## [TASK REQUIREMENTS]
Although the entries contain pictures, copy only their text, exactly as written.

:::

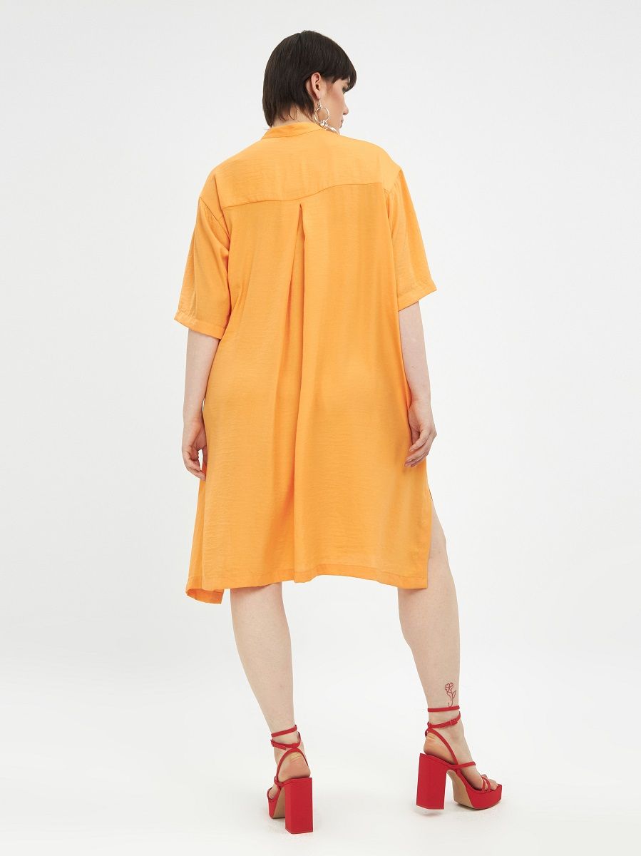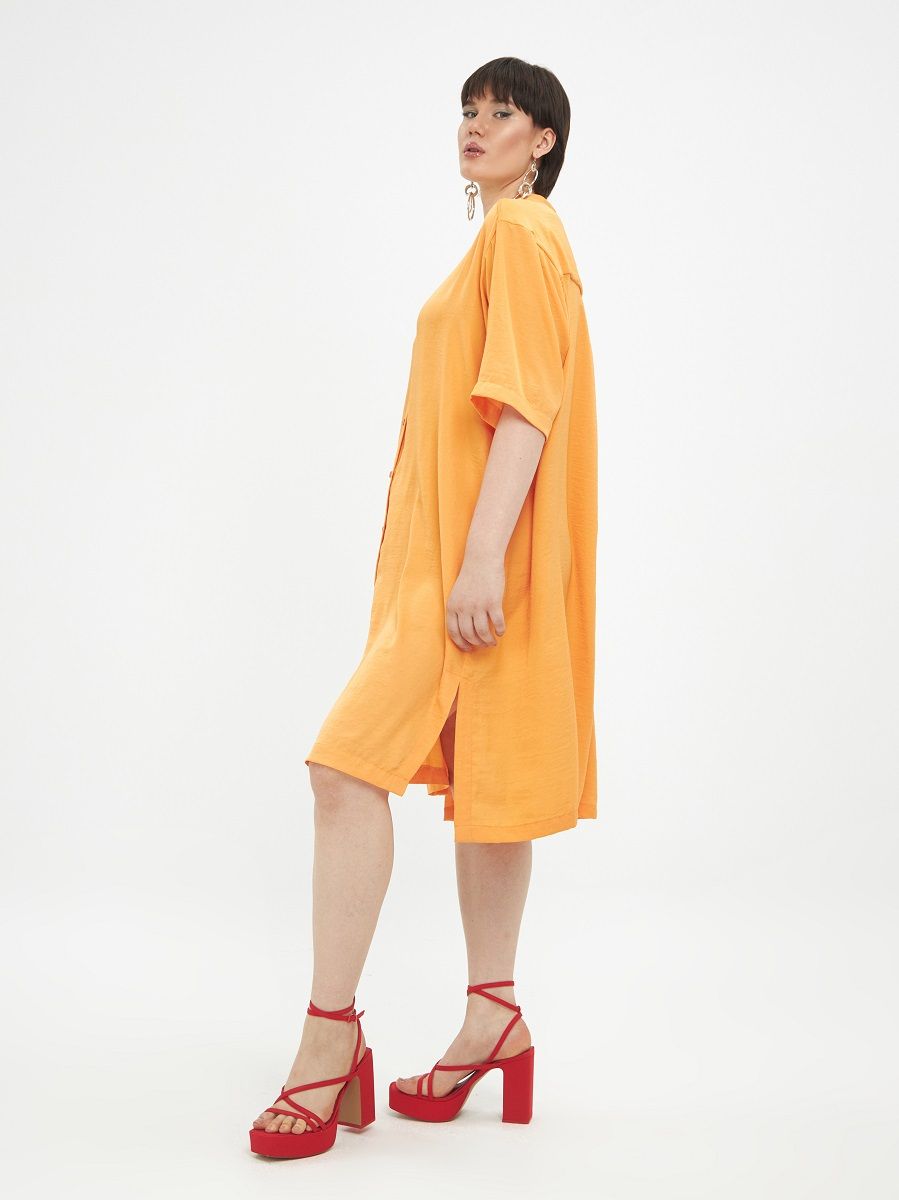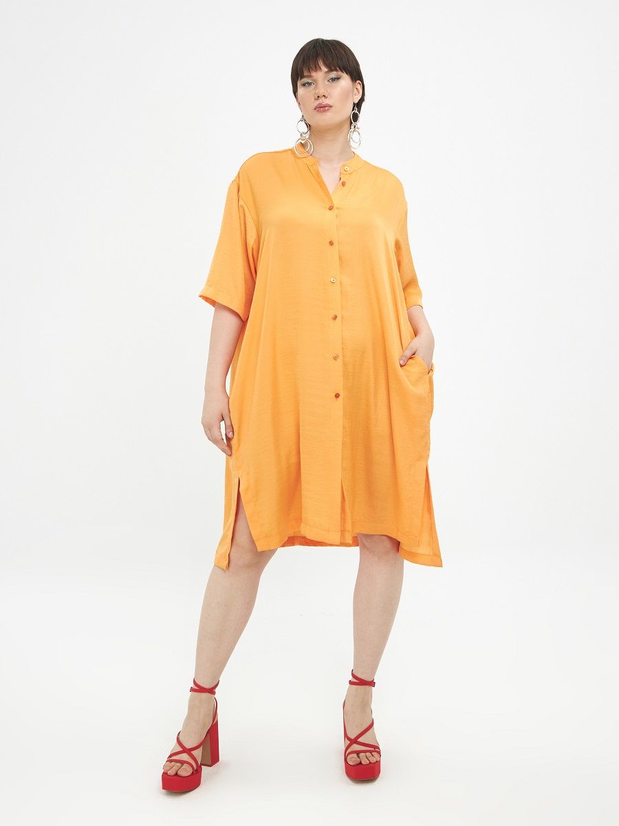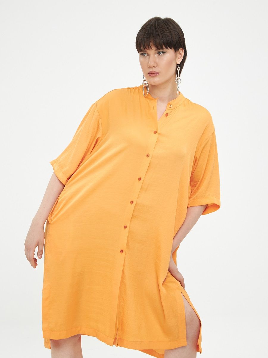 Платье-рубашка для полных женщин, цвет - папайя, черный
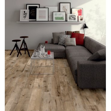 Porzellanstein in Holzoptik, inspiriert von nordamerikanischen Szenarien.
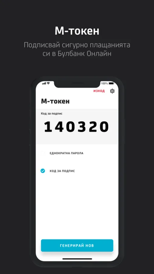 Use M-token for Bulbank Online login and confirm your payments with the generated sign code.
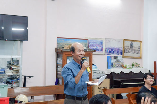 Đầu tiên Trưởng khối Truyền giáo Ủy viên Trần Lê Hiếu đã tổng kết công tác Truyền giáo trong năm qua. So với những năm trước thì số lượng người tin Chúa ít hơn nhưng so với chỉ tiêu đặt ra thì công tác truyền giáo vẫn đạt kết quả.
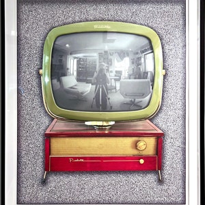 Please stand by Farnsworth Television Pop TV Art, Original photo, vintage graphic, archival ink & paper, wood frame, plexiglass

:::

## [SOLUTION TO THE PROBLEM]
 Платье-рубашка для полных женщин, цвет - папайя, черный
 Porzellanstein in Holzoptik, inspiriert von nordamerikanischen Szenarien.
 Use M-token for Bulbank Online login and confirm your payments with the generated sign code.
 Đầu tiên Trưởng khối Truyền giáo Ủy viên Trần Lê Hiếu đã tổng kết công tác Truyền giáo trong năm qua. So với những năm trước thì số lượng người tin Chúa ít hơn nhưng so với chỉ tiêu đặt ra thì công tác truyền giáo vẫn đạt kết quả.
 Please stand by Farnsworth Television Pop TV Art, Original photo, vintage graphic, archival ink & paper, wood frame, plexiglass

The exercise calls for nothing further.